• _WHAT TO PRODUCE_:
Nothing but the lines below between the line holding "从容量结构上看,迷你洗和超大" and the line holding "Mrazom sušené kuracie", inclusive, should appear in the answer, each set down exactly.

• _PROVIDED MATERIAL_:

⟨

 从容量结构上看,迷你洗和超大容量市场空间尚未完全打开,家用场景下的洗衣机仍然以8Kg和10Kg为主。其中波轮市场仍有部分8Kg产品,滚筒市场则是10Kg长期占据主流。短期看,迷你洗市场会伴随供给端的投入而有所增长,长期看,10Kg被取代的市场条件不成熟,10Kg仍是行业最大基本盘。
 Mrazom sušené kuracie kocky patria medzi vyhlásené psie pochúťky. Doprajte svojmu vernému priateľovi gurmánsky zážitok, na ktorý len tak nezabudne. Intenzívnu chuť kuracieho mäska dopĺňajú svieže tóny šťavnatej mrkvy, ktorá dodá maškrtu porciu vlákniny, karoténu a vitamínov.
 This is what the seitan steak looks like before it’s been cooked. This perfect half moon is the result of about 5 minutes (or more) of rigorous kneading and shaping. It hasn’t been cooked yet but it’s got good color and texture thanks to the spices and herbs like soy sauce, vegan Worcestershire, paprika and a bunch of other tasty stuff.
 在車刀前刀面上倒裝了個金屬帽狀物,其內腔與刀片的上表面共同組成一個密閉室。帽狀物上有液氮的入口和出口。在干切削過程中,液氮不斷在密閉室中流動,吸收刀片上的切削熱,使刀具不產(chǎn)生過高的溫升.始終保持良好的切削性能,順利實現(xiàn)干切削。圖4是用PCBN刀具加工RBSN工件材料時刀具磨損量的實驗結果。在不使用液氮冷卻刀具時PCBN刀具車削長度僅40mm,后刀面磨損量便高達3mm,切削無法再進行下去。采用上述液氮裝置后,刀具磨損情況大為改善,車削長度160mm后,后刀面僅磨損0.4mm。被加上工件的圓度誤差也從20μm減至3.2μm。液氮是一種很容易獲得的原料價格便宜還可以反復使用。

⟩
⟨

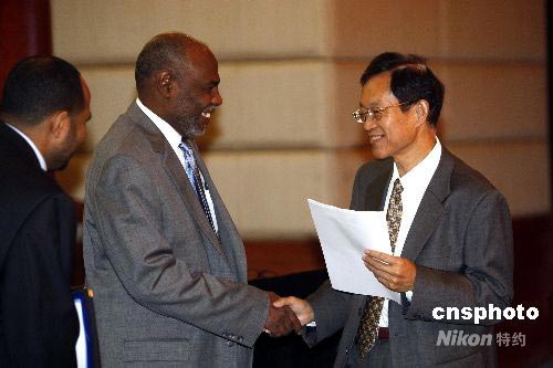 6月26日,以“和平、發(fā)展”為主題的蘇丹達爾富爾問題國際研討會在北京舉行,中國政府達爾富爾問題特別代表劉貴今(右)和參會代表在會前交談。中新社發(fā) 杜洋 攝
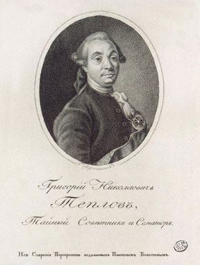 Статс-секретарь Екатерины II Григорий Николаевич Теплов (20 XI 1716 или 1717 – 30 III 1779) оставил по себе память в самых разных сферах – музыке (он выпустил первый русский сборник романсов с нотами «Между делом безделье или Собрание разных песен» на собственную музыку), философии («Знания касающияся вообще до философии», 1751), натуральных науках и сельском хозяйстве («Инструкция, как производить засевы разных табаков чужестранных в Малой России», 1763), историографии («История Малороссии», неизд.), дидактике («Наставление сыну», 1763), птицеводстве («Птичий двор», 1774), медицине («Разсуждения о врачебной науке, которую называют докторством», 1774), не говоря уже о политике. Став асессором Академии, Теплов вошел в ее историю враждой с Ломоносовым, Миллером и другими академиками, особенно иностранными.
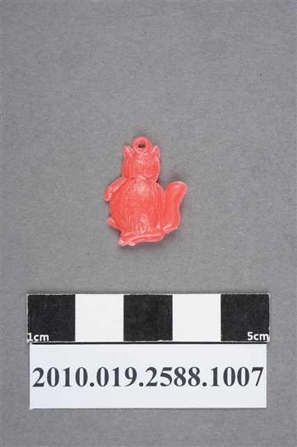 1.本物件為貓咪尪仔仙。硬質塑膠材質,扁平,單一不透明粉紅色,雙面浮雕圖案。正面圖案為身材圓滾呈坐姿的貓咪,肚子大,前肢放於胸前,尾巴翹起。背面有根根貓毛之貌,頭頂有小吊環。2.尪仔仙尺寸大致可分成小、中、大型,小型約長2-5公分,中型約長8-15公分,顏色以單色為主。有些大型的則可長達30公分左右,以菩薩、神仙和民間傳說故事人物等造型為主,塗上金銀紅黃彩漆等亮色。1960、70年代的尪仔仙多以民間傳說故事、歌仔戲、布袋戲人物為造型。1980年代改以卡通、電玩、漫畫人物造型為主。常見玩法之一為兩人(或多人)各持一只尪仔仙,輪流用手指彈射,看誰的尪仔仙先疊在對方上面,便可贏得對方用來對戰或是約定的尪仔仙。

⟩

• _EXERCISE OUTPUT_:
 从容量结构上看,迷你洗和超大容量市场空间尚未完全打开,家用场景下的洗衣机仍然以8Kg和10Kg为主。其中波轮市场仍有部分8Kg产品,滚筒市场则是10Kg长期占据主流。短期看,迷你洗市场会伴随供给端的投入而有所增长,长期看,10Kg被取代的市场条件不成熟,10Kg仍是行业最大基本盘。
 Mrazom sušené kuracie kocky patria medzi vyhlásené psie pochúťky. Doprajte svojmu vernému priateľovi gurmánsky zážitok, na ktorý len tak nezabudne. Intenzívnu chuť kuracieho mäska dopĺňajú svieže tóny šťavnatej mrkvy, ktorá dodá maškrtu porciu vlákniny, karoténu a vitamínov.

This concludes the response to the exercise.